Smith ci condusse ad un grande furgone nero. Al volante c'era una donna sui 30 anni, piena di tatuaggi con i capelli neri come la pece. Salimmo sul veicolo e senza che nessuno disse una parola la donna si mise a guidare verso chissà dove. Io passai il viaggio con le cuffiette nelle orecchie. Continuavo a pensare a Dylan. Non riuscivo a non pensarci, non ne capivo il motivo ma era come se quel "ti amo" mi rimbombasse in testa ogni volta che pensavo a lui. Io ero dell'idea che non fosse serio, magari aveva esagerato con me e con se stesso, eppure io mi illudevo. Mi illudevo che avrei potuto stare con lui e avere una relazione normale, ma non sarebbe mai stato così.
Il viaggio durò circa mezz'ora. Era così diverso quel posto. C'erano tante case e tanti palazzi abbastanza vecchi, le strade non erano pulitissime e l'ambiente era totalmente diverso dal classico americano, più "antico", ma percepivo l'allegria delle persone.
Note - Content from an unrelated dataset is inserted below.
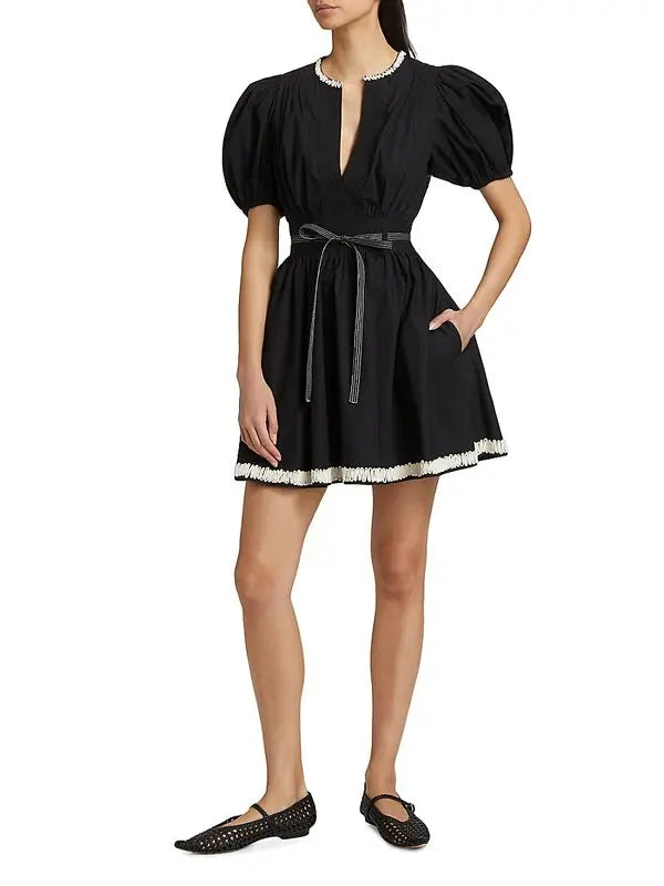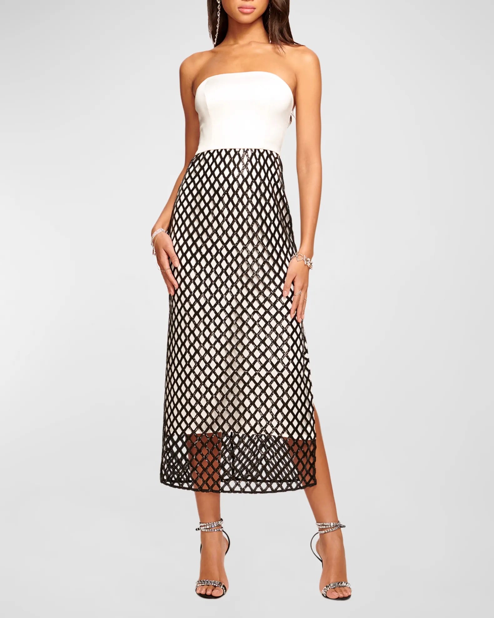 Black and White Ramy Brook Sequin Lattice Midi Dress

Bambini spensierati che correvano e giocavano, ragazzi che scherzavano e ridevano, adulti che passeggiavano allegramente, perfino gli anziani sembravano al settimo cielo come bambini. Rimasi semplicemente affascinata da quell'atmosfera. Tutti si divertivano ed erano felici nella loro semplicità, nel loro piccolo e questo era magnifico.
Ad un certo punto arrivammo davanti a un palazzo giallo sbiadito, abbastanza rovinato. Parcheggiammo dietro ad esso e Smith suono il campanello. Una voce profonda di uomo rispose in modo abbastanza scocciato, che in quella lingua risultava ancora peggio di ciò che era realmente. Smith gli rispose qualcosa in italiano, non avevo idea che lo parlasse. Prendemmo l'ascensore e salimmo all'ultimo piano. Il signore che presunsi essere quello che aveva risposto al citofono, ci diede un calorosissimo benvenuto. Ci abbracciò tutti e cercò di mettere insieme qualche frase sensata in inglese. Ci fece accomodare con un' allegria che mi sembrava quasi esagerata. Da noi era già bello se ti guardavano in faccia. L'appartamento era più grande di quello che pensassi. C'era un grande open space che conduceva a due corridoi. Prendemmo quello a sinistra e ci ritrovammo in salotto. La prima cosa che notai fu una ragazza sui sedici anni seduta sul divano che stava guardando qualcosa al computer. Non vidi bene il suo viso perché era coperto dai lunghi capelli biondo platino.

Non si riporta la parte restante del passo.